[Records contained in a dataset]
● ● ●

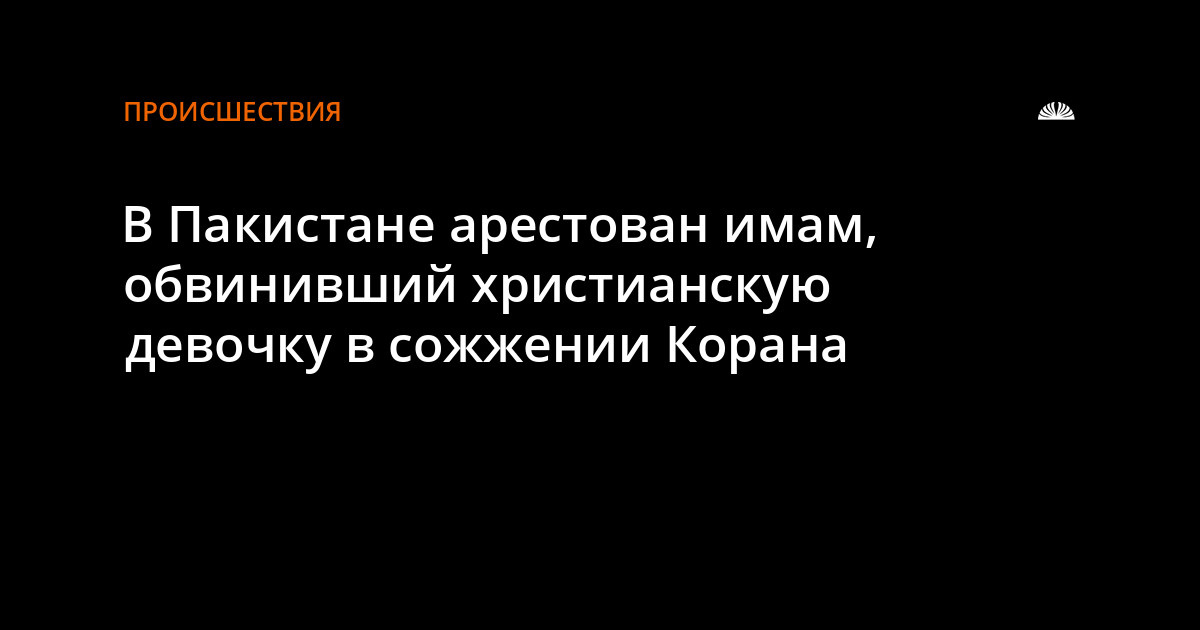 В Пакистане арестован имам, обвинивший христианскую девочку в сожжении Корана: несколько свидетелей заявили о том, что видели, как имам Халид Чишти подложил ей в мешок с мусором обгоревшие листы Корана, сообщает Khaama.com.
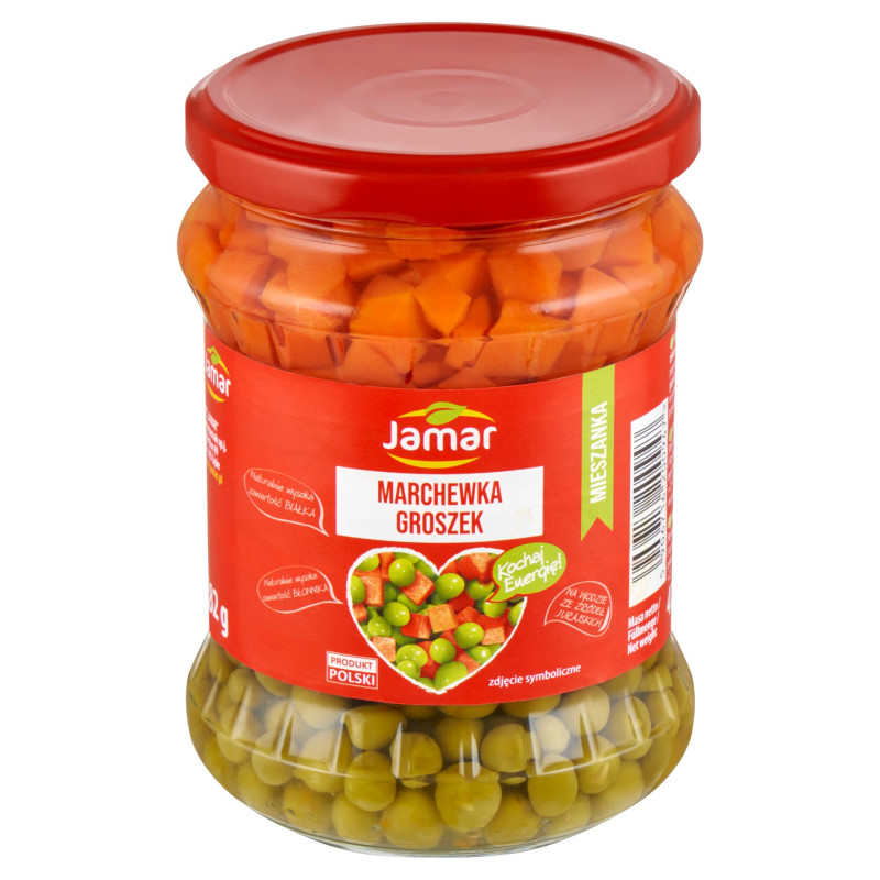 Mieszanka marchewka – groszek Jamar to kompozycja idealna. Nieco stonowany, ale głęboki smak groszku przeplata się ze świeżym i słodkim smakiem marchewki. Warzywa można wykorzystywać do dań obiadowych, jak i wszelkiego rodzaju sałatek i przekąsek. Bardzo dobra baza do wytrawnej galaretki.
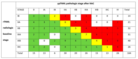 Cross-tabulation of the CT stage at diagnosis (rTNM) vs. the definitive pathological stage (ypTNM), n = 164. Green: response, downstaged (n = 78); yellow: stable disease (n = 25); red: progression, upstaged (n = 61).
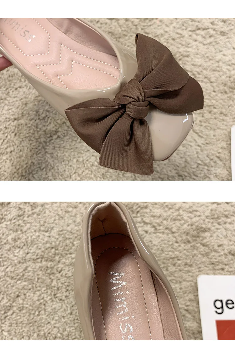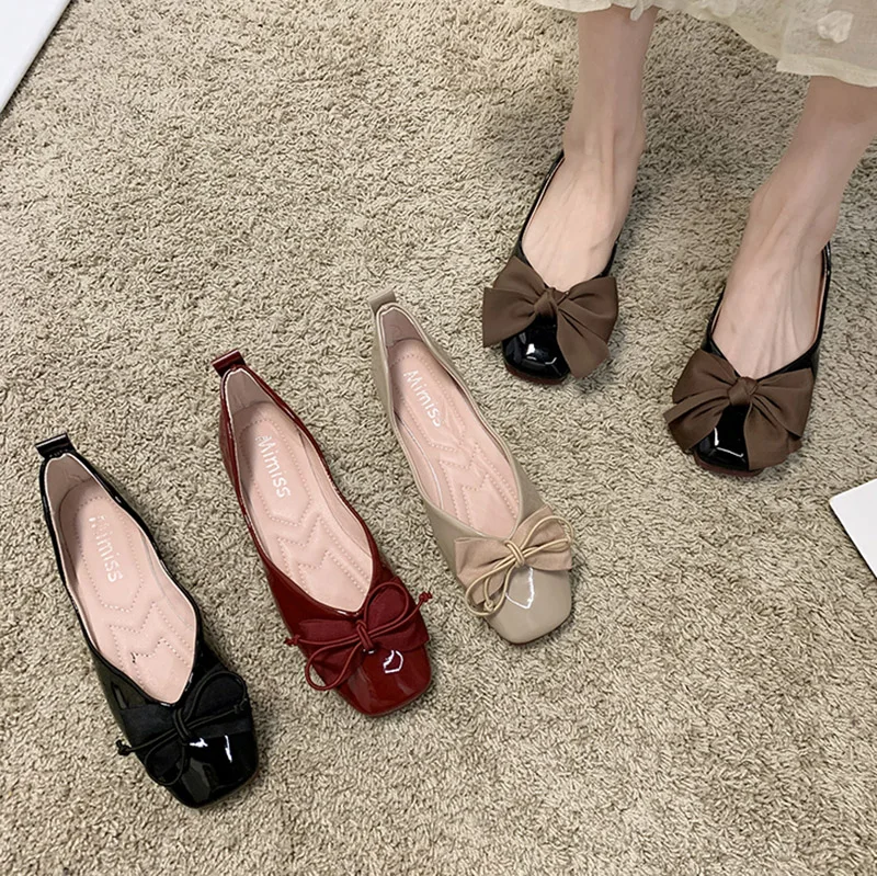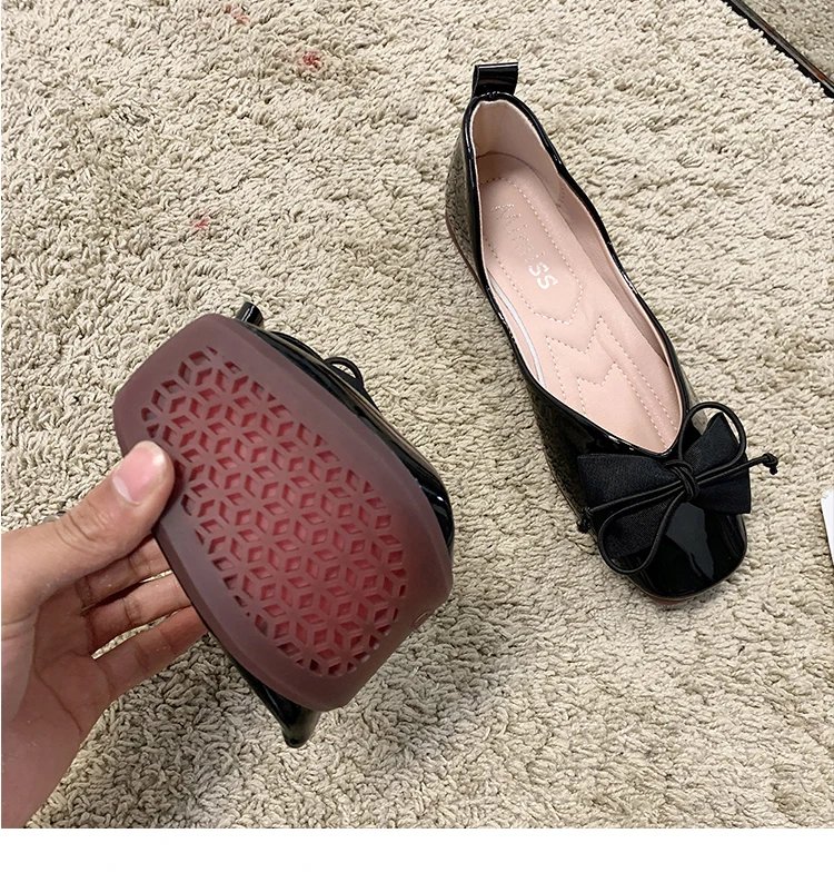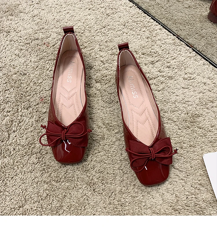 Туфли женские из лакированной кожи, с квадратным носком и бантиком, 9234N
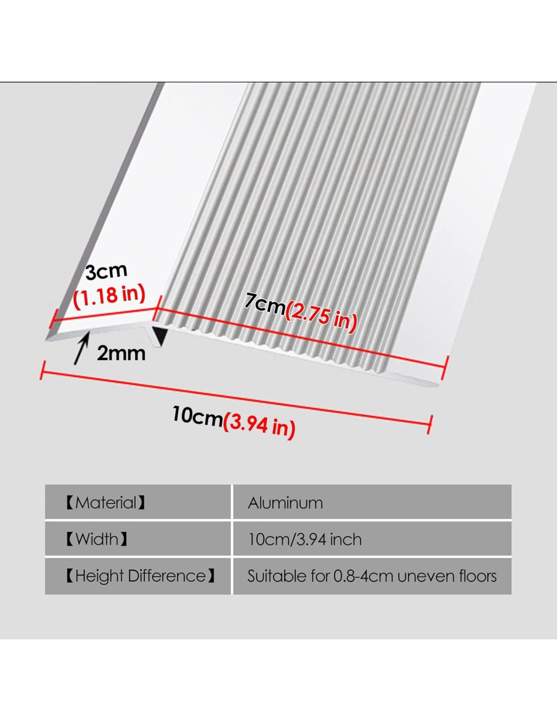El recorte de alfombra cubre fácilmente una costura o un hueco entre dos superficies de suelo de altura desigual. Para usar en umbrales, entradas de habitaciones u otros lugares donde se encuentren dos superficies de suelo desiguales. Especificación: - Material: Aluminio - Ancho: 10cm/3.93 pulgadas - Conecta a suelos desiguales hasta 1-4cm/0.4"-1.57" de diferencia de altura - Contenido: 1 * tira de transición de suelo (el producto coincidente en la imagen del producto no está incluido en el paquete) Característica: - Diseño de bajo perfil que previene tropiezos y caídas. - No se incluyó pegamento. No resbala cuando está mojado. - Excelente para acabados en casa, oficina o comercial. - El recorte de alfombra le da a su suelo un borde limpio que previene que los bordes de la alfombra se deshilachen. - Adecuado para la transición de umbral entre alfombra y azulejos de suelo, de suelo a alfombra, de alfombra a suelo y decoración de recorte de borde. Consejos: - Los productos de medición manual pueden tener dimensiones de unos pocos centímetros de diferencia, por favor entienda. - Puede haber algunas diferencias entre la imagen y el producto debido a razones de visualización e iluminación, por favor refiérase al producto real.

● ● ●

* Task brief *
The answer must be an exact copy of every record above, minus the pictures.

* Task result *
 В Пакистане арестован имам, обвинивший христианскую девочку в сожжении Корана: несколько свидетелей заявили о том, что видели, как имам Халид Чишти подложил ей в мешок с мусором обгоревшие листы Корана, сообщает Khaama.com.
 Mieszanka marchewka – groszek Jamar to kompozycja idealna. Nieco stonowany, ale głęboki smak groszku przeplata się ze świeżym i słodkim smakiem marchewki. Warzywa można wykorzystywać do dań obiadowych, jak i wszelkiego rodzaju sałatek i przekąsek. Bardzo dobra baza do wytrawnej galaretki.
 Cross-tabulation of the CT stage at diagnosis (rTNM) vs. the definitive pathological stage (ypTNM), n = 164. Green: response, downstaged (n = 78); yellow: stable disease (n = 25); red: progression, upstaged (n = 61).
 Туфли женские из лакированной кожи, с квадратным носком и бантиком, 9234N
El recorte de alfombra cubre fácilmente una costura o un hueco entre dos superficies de suelo de altura desigual. Para usar en umbrales, entradas de habitaciones u otros lugares donde se encuentren dos superficies de suelo desiguales. Especificación: - Material: Aluminio - Ancho: 10cm/3.93 pulgadas - Conecta a suelos desiguales hasta 1-4cm/0.4"-1.57" de diferencia de altura - Contenido: 1 * tira de transición de suelo (el producto coincidente en la imagen del producto no está incluido en el paquete) Característica: - Diseño de bajo perfil que previene tropiezos y caídas. - No se incluyó pegamento. No resbala cuando está mojado. - Excelente para acabados en casa, oficina o comercial. - El recorte de alfombra le da a su suelo un borde limpio que previene que los bordes de la alfombra se deshilachen. - Adecuado para la transición de umbral entre alfombra y azulejos de suelo, de suelo a alfombra, de alfombra a suelo y decoración de recorte de borde. Consejos: - Los productos de medición manual pueden tener dimensiones de unos pocos centímetros de diferencia, por favor entienda. - Puede haber algunas diferencias entre la imagen y el producto debido a razones de visualización e iluminación, por favor refiérase al producto real.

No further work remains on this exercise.